[Material for this task Boundary: Start]

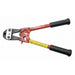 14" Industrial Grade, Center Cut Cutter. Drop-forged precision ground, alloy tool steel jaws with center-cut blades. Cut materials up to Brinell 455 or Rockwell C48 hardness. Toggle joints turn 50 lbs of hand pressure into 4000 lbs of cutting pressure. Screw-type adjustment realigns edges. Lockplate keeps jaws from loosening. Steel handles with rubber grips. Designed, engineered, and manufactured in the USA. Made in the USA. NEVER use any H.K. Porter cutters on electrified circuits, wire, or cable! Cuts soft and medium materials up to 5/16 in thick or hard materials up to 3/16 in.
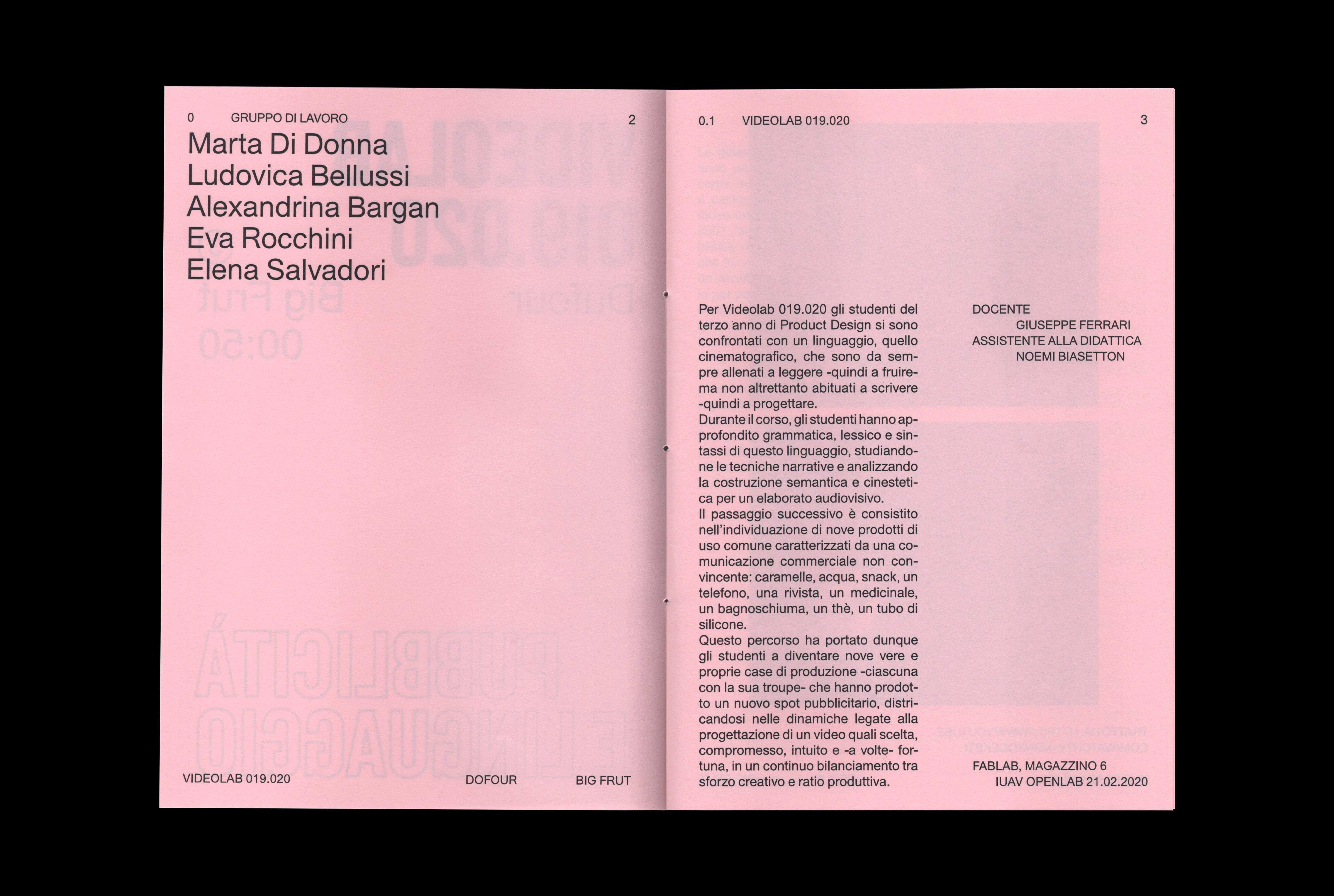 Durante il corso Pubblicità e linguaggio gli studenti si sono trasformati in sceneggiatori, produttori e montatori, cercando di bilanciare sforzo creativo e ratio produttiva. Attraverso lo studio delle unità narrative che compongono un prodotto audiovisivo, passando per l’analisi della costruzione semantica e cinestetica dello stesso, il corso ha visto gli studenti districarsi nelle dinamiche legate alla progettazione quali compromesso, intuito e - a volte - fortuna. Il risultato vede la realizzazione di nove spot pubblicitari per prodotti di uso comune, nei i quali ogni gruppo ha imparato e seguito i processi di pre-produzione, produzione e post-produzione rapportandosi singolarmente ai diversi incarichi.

[Material for this task Boundary: End]
[Material for this task Boundary: Start]

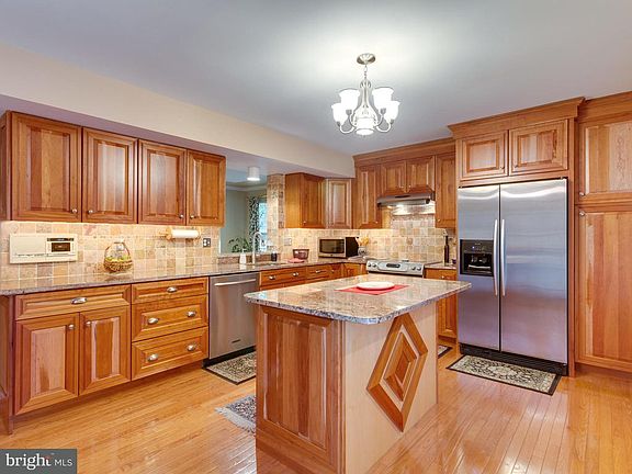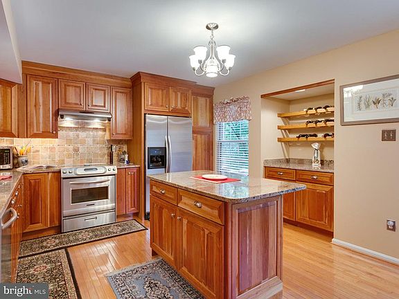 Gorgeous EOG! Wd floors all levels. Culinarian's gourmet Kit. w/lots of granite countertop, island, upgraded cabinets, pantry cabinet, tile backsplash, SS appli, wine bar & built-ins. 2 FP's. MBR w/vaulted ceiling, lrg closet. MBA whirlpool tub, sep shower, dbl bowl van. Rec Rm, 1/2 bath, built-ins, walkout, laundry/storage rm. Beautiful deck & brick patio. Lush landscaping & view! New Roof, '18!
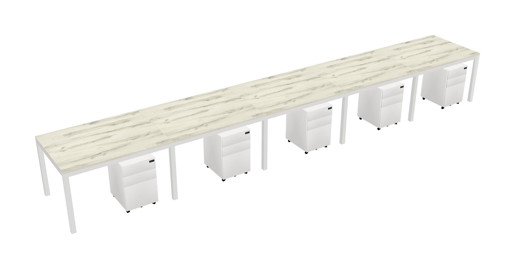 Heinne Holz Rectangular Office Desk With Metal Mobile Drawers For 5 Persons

[Material for this task Boundary: End]

* _Assignment_:
Reproduce the lines above beginning at the line that contains "to 3/16 in." and ending at the line that contains "Durante il corso". No pictures.

* _Written response_:
 14" Industrial Grade, Center Cut Cutter. Drop-forged precision ground, alloy tool steel jaws with center-cut blades. Cut materials up to Brinell 455 or Rockwell C48 hardness. Toggle joints turn 50 lbs of hand pressure into 4000 lbs of cutting pressure. Screw-type adjustment realigns edges. Lockplate keeps jaws from loosening. Steel handles with rubber grips. Designed, engineered, and manufactured in the USA. Made in the USA. NEVER use any H.K. Porter cutters on electrified circuits, wire, or cable! Cuts soft and medium materials up to 5/16 in thick or hard materials up to 3/16 in.
 Durante il corso Pubblicità e linguaggio gli studenti si sono trasformati in sceneggiatori, produttori e montatori, cercando di bilanciare sforzo creativo e ratio produttiva. Attraverso lo studio delle unità narrative che compongono un prodotto audiovisivo, passando per l’analisi della costruzione semantica e cinestetica dello stesso, il corso ha visto gli studenti districarsi nelle dinamiche legate alla progettazione quali compromesso, intuito e - a volte - fortuna. Il risultato vede la realizzazione di nove spot pubblicitari per prodotti di uso comune, nei i quali ogni gruppo ha imparato e seguito i processi di pre-produzione, produzione e post-produzione rapportandosi singolarmente ai diversi incarichi.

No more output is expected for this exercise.